In this context, it is possible to observe also that since late 1990's the so-called traditional economic powers were replaced by emerging economies as they are competing for access to goods and financial services markets. Many of the loans and financial flow to the developed countries are proceeding from those emerging economies. This is the result of structural reforms implemented by the Governments with the aim to adapt their economies to the globalization's requirements of efficiency and competitiveness. The emerging economies of Asia Pacific coincided in a will to guide their economic potential by means of investments projects, commercial expansion and digital transformations. The Asian countries, in particular China, Japan, Korea and the ASEAN, have explored innovate ways of development through education, PPP and R&D. At the same time, Latin America and Oceania countries have common objectives and interests with the Asian miracle actors and compliment the opportunities of business, investments and access to the markets. As a result, they have increased its participation in the new structure of the regional and world economy and they have incorporated, as a main component of their development, a number of policies and measures to promote transnational business and political opening. They seek to consolidate their position in the international community by means of interchanges and shared aspirations.
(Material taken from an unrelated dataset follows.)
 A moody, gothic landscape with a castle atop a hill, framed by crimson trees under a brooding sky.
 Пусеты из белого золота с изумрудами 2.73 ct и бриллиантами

It is relevant to indicate that this political and economic insertion of Asia Pacific into the global scenario have produced benefits but also challenges. In particular, in the modalities of consumption, capacity production and investment structures of their societies. The small economies initiated a restructuring of their production structures introducing new technologies and advance innovation in order to diversify its offering, to became exporters of value and to participate of the FTAs network and the regional integration initiatives. The adaptation of SMEs to this process was a very important aspect of its national development plans. SME's were encouraged to associate or to form conglomerates which will allow them to participate into production chains.
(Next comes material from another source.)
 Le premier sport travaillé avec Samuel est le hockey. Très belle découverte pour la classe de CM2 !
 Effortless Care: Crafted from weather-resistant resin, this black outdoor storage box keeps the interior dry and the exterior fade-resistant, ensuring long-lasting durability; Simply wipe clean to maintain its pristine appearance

This beneficial and pragmatic insertion of the Asia Pacific economy into the world economy started late 1970's. During those years, Asia Pacific initiated the discussion of the creation of an important comprehensive and multisectoral integration framework with the aim to adopt regional strategic alliances and business partnerships. Those arrangements allowed them a better used of industrial fragmentation to improve its capacity production and enjoy the benefits of the intraregional commerce and investments. In the first place, the Pacific Basin Economic Cooperation (PBEC), that reunited the private sectors of Pacific Rim countries. It was the opening scenario for the negotiations of private sector cooperation mechanisms and trade arrangements. Lately, the regional proposal was enriched with the establishing of the Pacific Economic Cooperation Council (PECC), its functioning involved the pillars of the Asian regional development, which are private sector, academic centers and government policies. PECC oriented their deliberations to the formulation of the basis for the regional integration, investments facilitation, trade liberalization and technical cooperation. In the mid of 1980's, the governments decided to establish the Asia Pacific Economic Cooperation Fora (APEC), which became in the most dynamic regional architecture of integration and development. Early 2000's APEC open the consultation to implement one of its main instruments, which is the Free Trade Area Asia Pacific (FTAAP) agreed by the Bogor Goals of 1994. With the aim to reinforce the negotiation toward the FTAAP, the Trans Pacific Partnership (TPP) was launching as the first regional approach.
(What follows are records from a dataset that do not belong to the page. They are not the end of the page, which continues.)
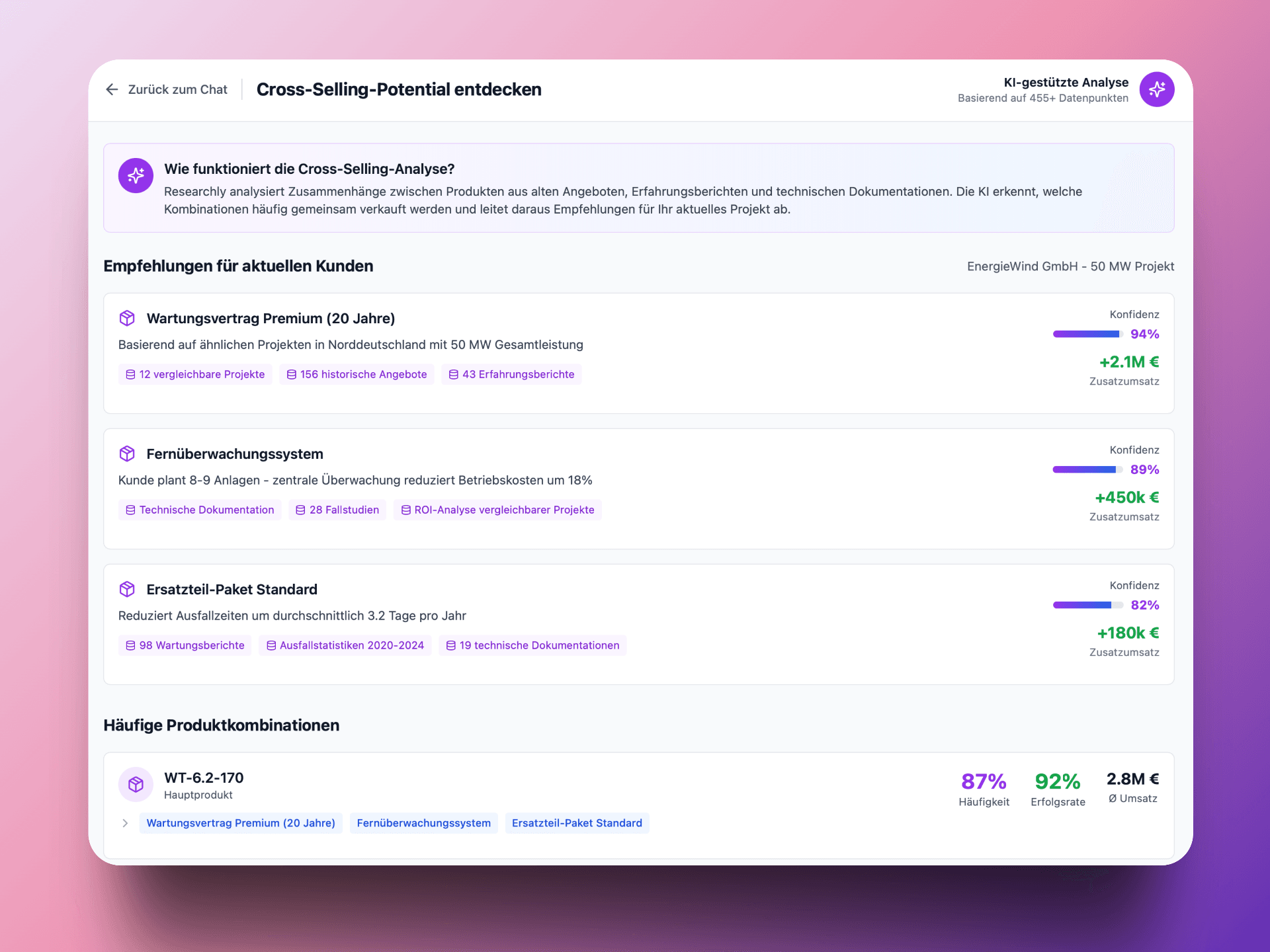 Researchly versteht Zusammenhänge zwischen Produkten und erkennt, welche Produkte oder Dienstleistungen üblicherweise gemeinsam eingesetzt werden. So kann die KI beispielsweise aus alten Angeboten, Erfahrungsberichten oder technischen Dokumentationen ableiten, welche Kombinationen häufig verkauft werden.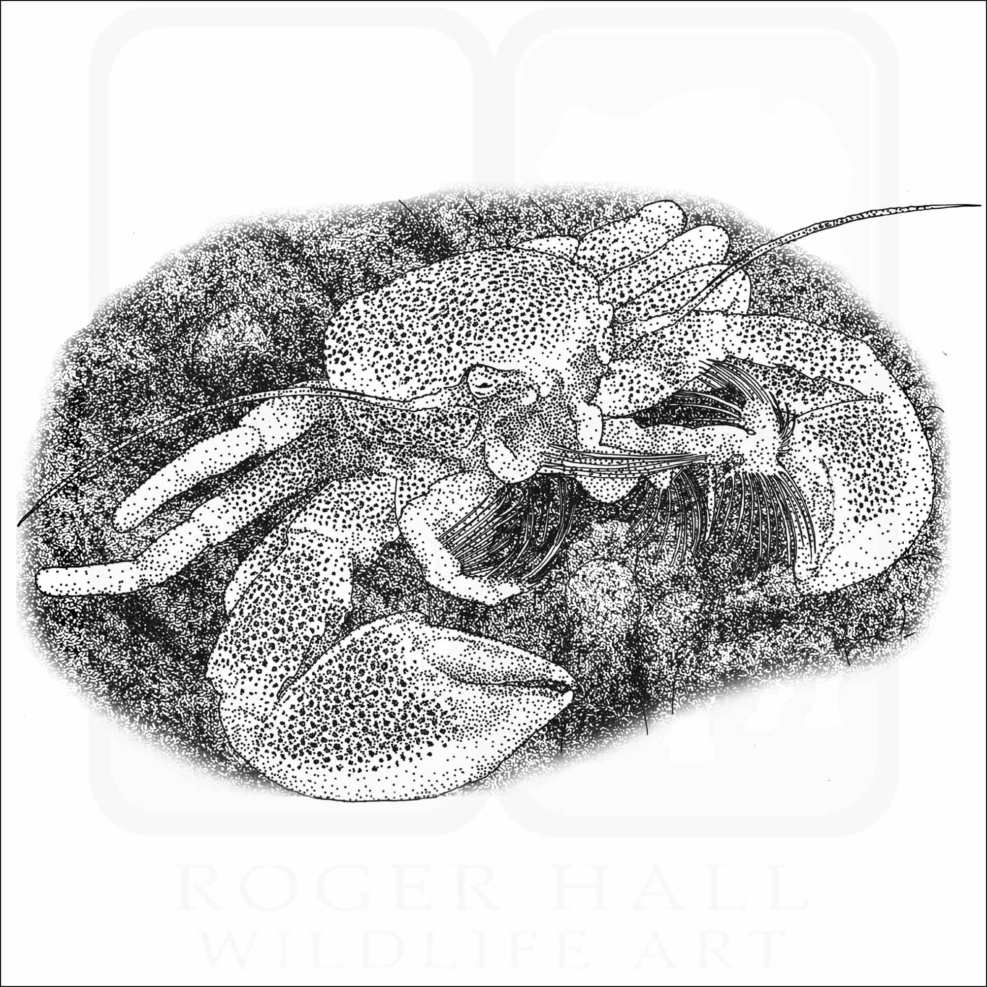 Fine art illustration of a Porcelain Anemone Crab (Neopetrolisthes ohshimai.) The illustration is available in black and white or color.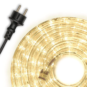 Der Lichterschlauch ist mit witterungsfestem Kunststoff ummantelt und nicht dimmbar.

At the subregional level, it is important to highlights the role of ASEAN as a conectivity initiative to promote the cooperation, integration and development of its 10 members. ASEAN have implemented policies oriented to shared tasks, advance in the formulation of cooperative rules and to deepen its position as a key political factor in Asia. Today ASEAN is an attractive trade partner and investments foreign destination. With the aim to facilitate greater economic interdependence and a peaceful relation among its members, ASEAN decided early 2000 to create the Regional Cooperation Economic Partnership (RCEP), which is bringing stability and pragmatism to the efforts to build peace and cooperation. RCEP is playing a central role in the building of the regional architecture together with the ARF, the ASEAN RTA, and the engagements of common initiatives with the Dialogue Partners. Together with TPP, it will also contribute to the establishing of the FTAAP.
On the other hand, the Pacific Alliance was established in Latin America by Chile, Colombia, Mexico and Peru, by the initiative of President Alan Garcia of Peru. The Pacific Alliance is considered today the most dynamic economic grouping in Latin America, with 56 Observers Members, mainly from America, Asia and Europe. It is an integration subregional group created with the purpose to facilitate trade with Asia, to promote investments and technical cooperation with other economies, to identify physical and institutional modalities of connectivity, to deep the institutional links in the region and to incentive the subregional private associations. It is also one of the pillars for the establishing of the FTAAP.
Nevertheless, the Asia Pacific regional integration project has been negative affected during the last 4 years by internal and external factors. Among them, The US withdraw from the TPP, the introduction of protectionism measures in the regional agenda, the confrontational policies instead of globalization goals and the opposition by the US of the participation of China in the TPP. For most of the APEC members, the no participation of China in the TPP created a difficult and conflictive scenario. For them, including Peru, China is the principal trade partner and one of the most important investors. It was difficult to understand the existence and functioning of a regional trade arrangement without the participation of the main trade partner and main market for their exports. This decision of the US Government shown at the regional level its world trade policy basis on the prevalence of unilateralism and protectionism. In a few words the "American First" attitude. More recently, since early 2019, US started meddling in China domestic affairs, now the world's second largest economy and its economic and strategic competitor in Asia. US knows that must probably China could overtake in the next decades its position as the largest economy. Washington Administration was aware that the only strategic power in Asia that could confronted its economic and political actions in the region was China. This is why this US got involved not only in sensitive chinese's domestic political issues but also questioning the presence of Chinese private sector in the American and even western markets. That was the beginning of the so-called China-US Trade War. Today, in 2020, the deep political confrontation between the Democrats and Republicans in an electoral year has aggravated this scenario and its influence in the regional agenda.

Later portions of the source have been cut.